Random Forest backward best¶
%%time
rfc_bwd = SequentialFeatureSelector(rfc, scoring='roc_auc', verbose=0, k_features="best", forward=False, n_jobs=-1)
rfc_bwd = rfc_bwd.fit(X.values, y, custom_feature_names=X.columns)
print('Backward RF Best, nfeat={} (AUC: {:.3f}):\n{}'.format(
len(rfc_bwd.k_feature_names_),rfc_bwd.k_score_, rfc_bwd.k_feature_names_))
Backward RF Best, nfeat=30 (AUC: 0.764): ('MGODPR', 'MGODOV', 'MRELGE', 'MRELSA', 'MOPLLAAG', 'MBERBOER', 'MBERMIDD', 'MINKM30', 'MINK3045', 'MINK123M', 'MKOOPKLA', 'PWALAND', 'PPERSAUT', 'PMOTSCO', 'PVRAAUT', 'PBROM', 'PLEVEN', 'PPERSONG', 'PBRAND', 'PPLEZIER', 'PBYSTAND', 'AWAPART', 'AWABEDR', 'AWALAND', 'ABESAUT', 'AAANHANG', 'AWERKT', 'ABROM', 'AWAOREG', 'APLEZIER') CPU times: user 49.5 s, sys: 868 ms, total: 50.4 s Wall time: 1h 28min 34s
Taking a backward stepping approach yields even few features at the cost of 0.006 off the final evaluation. The inconsistencies between forward and backward selection does not shine a favorable light on this method of feature selection. Since this is not an exhaustive search over all feature combinations, we are greatly limited by selection order.
if IS_AWS:
joblib.dump(lbfgs_bwd,'saves/lbfgs_backward.pkl')
joblib.dump(lbfgs_fwd,'saves/lbfgs_forward.pkl')
joblib.dump(lbfgs_pfwd,'saves/lbfgs_pforward.pkl')
joblib.dump(rfc_bwd,'saves/rf_backward.pkl')
joblib.dump(rfc_fwd,'saves/rf_forward.pkl')
Recursive Feature Elimination¶
This method is very similar to the approach that SequentialFeatureSelector
uses but rather than specifying a metric to test against, RFE
will use weight coefficients in the case of linear models and feature importance for tree-based models.
rfe_lr = RFE(LogisticRegression(solver='lbfgs',class_weight='balanced',random_state=RS,max_iter=1000)).fit(Xs,y)
print('Num features:',rfe_lr.n_features_)

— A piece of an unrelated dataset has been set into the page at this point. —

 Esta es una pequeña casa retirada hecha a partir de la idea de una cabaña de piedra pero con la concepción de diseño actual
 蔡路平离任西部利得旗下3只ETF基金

feats_lr = X.columns[rfe_lr.support_];feats_lr
Num features: 42
Index(['MOSTYPE', 'MGEMLEEF', 'MOSHOOFD', 'MRELGE', 'MRELOV', 'MFALLEEN', 'MFGEKIND', 'MFWEKIND', 'MOPLLAAG', 'MBERBOER', 'MHHUUR', 'MHKOOP', 'MAUT1', 'MAUT2', 'MAUT0', 'MZFONDS', 'MZPART', 'MINKM30', 'MINK3045', 'MINK4575', 'MINK123M', 'MINKGEM', 'MKOOPKLA', 'PWAPART', 'PWALAND', 'PPERSAUT', 'PBESAUT', 'PVRAAUT', 'PTRACTOR', 'PWERKT', 'PPERSONG', 'PWAOREG', 'PBRAND', 'AWAPART', 'ABESAUT', 'AVRAAUT', 'ATRACTOR', 'AWERKT', 'APERSONG', 'AWAOREG', 'ABRAND', 'APLEZIER'], dtype='object')
rfe_rf = RFE(RandomForestClassifier(n_jobs=-1, **rfparams)).fit(X,y)

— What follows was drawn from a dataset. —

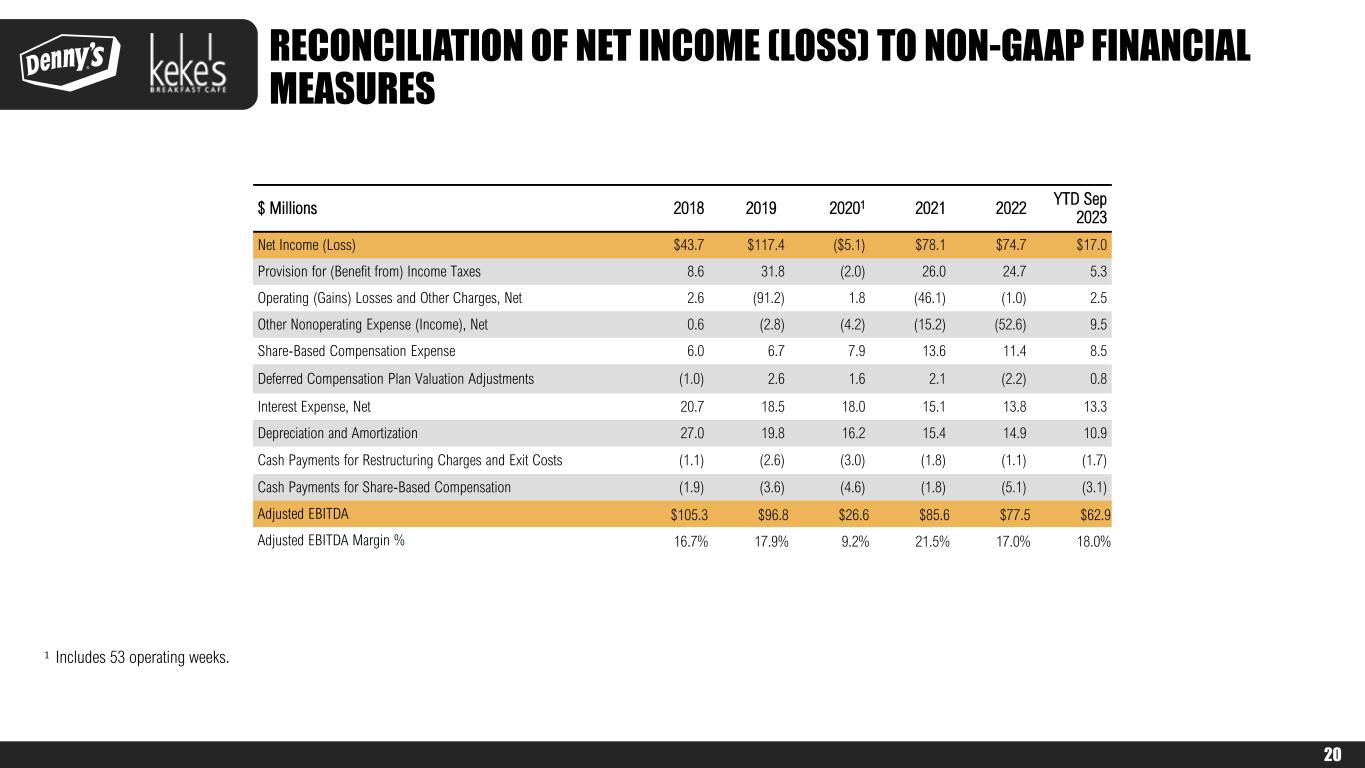 22 $ Millions (except per share amounts) 2018 2019 20201 2021 2022 YTD Sep 2023 Adjusted EBITDA $105.3 $96.8 $26.6 $85.6 $77.5 $62.9 Adjusted EBITDA Margin % 16.7% 17.9% 9.2% 21.5% 17.0% 18.0% Cash Interest Expense, Net2 (19.6) (17.6) (18.0) (17.2) (14.9) (12.4) Cash Paid for Income Taxes, Net (3.3) (24.1) (0.0) (9.9) (9.3) (6.5) Cash Paid for Capital Expenditures and Acquisition of Restaurants and Real Estate3 (32.4) (25.3) (7.0) (17.7) (12.6) (6.7) Adjusted Free Cash Flow $50.0 $29.8 $1.6 $40.8 $40.7 $37.3 Net Income (Loss) $43.7 $117.4 ($5.1) $78.1 $74.7 $17.0 (Gains) Losses and Amort. on Interest Rate Swap Derivatives, Net - - (2.2) (12.6) (55.0) 10.8 (Gains) Losses on Sales of Assets and Other, Net (0.5) (93.6) (4.7) (47.8) (3.4) (2.1) Impairment Charges 1.6 - 4.1 0.4 1.0 1.8 Tax Effect4 (0.2) 24.1 0.7 15.0 14.3 (2.5) Adjusted Net Income (Loss) $44.6 $47.9 ($7.2) $33.1 $31.6 $25.1 Diluted Net Income (Loss) Per Share $0.67 $1.90 ($0.08) $1.19 $1.23 $0.30 Adjustments Per Share $0.01 ($1.13) ($0.04) ($0.69) ($0.71) $0.14 Adjusted Net Income (Loss) Per Share $0.68 $0.77 ($0.12) $0.50 $0.52 $0.44 Diluted Weighted Average Shares Outstanding (000’s) 65,562 61,833 60,812 65,573 60,879 56,973 1 Includes 53 operating weeks. 2 Includes cash interest expense (income), net and cash (receipts) payments of approximately $1.9 million, $3.3 million, $1.8 million and ($0.2) million for dedesignated interest rate swap derivatives for full year 2020, 2021, 2022 and year-to-date 2023, respectively. 3 For 2022, amount includes cash paid for capital expenditures and the acquisition of a Denny's franchise restaurant, and excludes capital paid for the acquisition of Keke's. For the year-to-date period ended September 27, 2023, amounts include cash paid for capital expenditures and the acquisition of a piece of real estate. 4 Tax adjustments for full year 2018 use full year effective tax rates of 16.4%. Tax adjustments for the gains on sales of assets and other, net in 2019 are calculated using an effective rate of 25.7%. Tax adjustments for full year 2020, 2021, 2022 and year-to-date 2023 reflect an effective tax rate of 25.6%, 25.0%, 24.9%, and 23.3%, respectively. RECONCILIATION OF NET INCOME (LOSS) AND NET CASH PROVIDED BY OPERATING ACTIVITIES TO NON-GAAP FINANCIAL MEASURES

print('Num features:',rfe_rf.n_features_)
feats_rf = X.columns[rfe_rf.support_];feats_rf
Num features: 42
Index(['MOSTYPE', 'MGEMOMV', 'MOSHOOFD', 'MGODPR', 'MGODOV', 'MRELGE', 'MRELSA', 'MRELOV', 'MFALLEEN', 'MFWEKIND', 'MOPLHOOG', 'MOPLLAAG', 'MBERHOOG', 'MBERBOER', 'MBERMIDD', 'MBERARBG', 'MBERARBO', 'MSKA', 'MSKC', 'MHHUUR', 'MHKOOP', 'MAUT1', 'MAUT0', 'MZFONDS', 'MZPART', 'MINKM30', 'MINK3045', 'MINK4575', 'MINKGEM', 'MKOOPKLA', 'PWAPART', 'PWALAND', 'PPERSAUT', 'PBROM', 'PBRAND', 'PPLEZIER', 'AWAPART', 'AWALAND', 'APERSAUT', 'ABROM', 'ABRAND', 'APLEZIER'], dtype='object')

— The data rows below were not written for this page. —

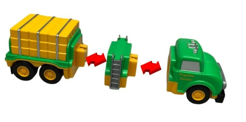 Poszczególne elementy szybko i pewnie łączą się dzięki magnesom. Dzieci łatwo przebudują traktor, kombajn i ciężarówkę według własnej wyobraźni.
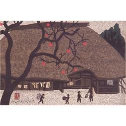 Kiyoshi Saito (19007-1992) Japanese, FARM HOUSE, color woodblock print, 15 x 10", signed, frame...
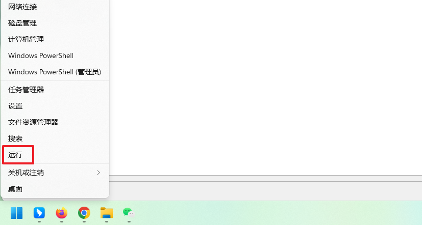 ①右击“开始”菜单,选择“运行”。
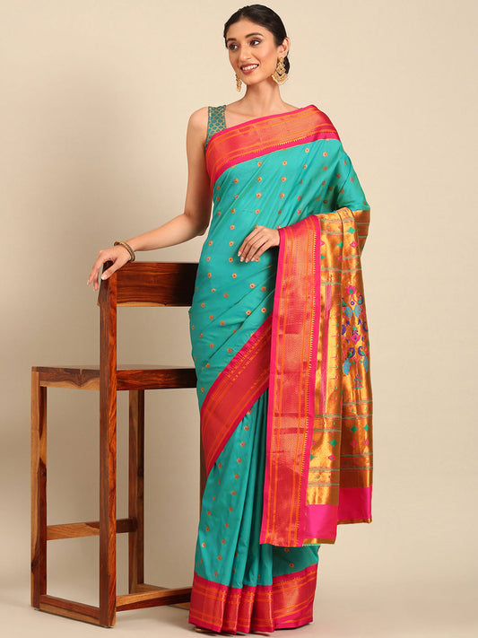 Diksha Sea Green & Red Soft Silk Maharani Paithani Saree

print('Common Features:',len(feats_lr & feats_rf))
feats_lr & feats_rf
Common Features: 26
Index(['MOSTYPE', 'MOSHOOFD', 'MRELGE', 'MRELOV', 'MFALLEEN', 'MFWEKIND', 'MOPLLAAG', 'MBERBOER', 'MHHUUR', 'MHKOOP', 'MAUT1', 'MAUT0', 'MZFONDS', 'MZPART', 'MINKM30', 'MINK3045', 'MINK4575', 'MINKGEM', 'MKOOPKLA', 'PWAPART', 'PWALAND', 'PPERSAUT', 'PBRAND', 'AWAPART', 'ABRAND', 'APLEZIER'], dtype='object')
class_weight
is set to balanced to help deal with the imbalance of this dataset since this notebook we forwent any form of undersampling. RFE with both Logistic Regression and Random Forest Classification left us with 42 features to consider. However, there is only an overlap of 26 features between the two sets, a clear demonstration of how using multiple models can better an analysis.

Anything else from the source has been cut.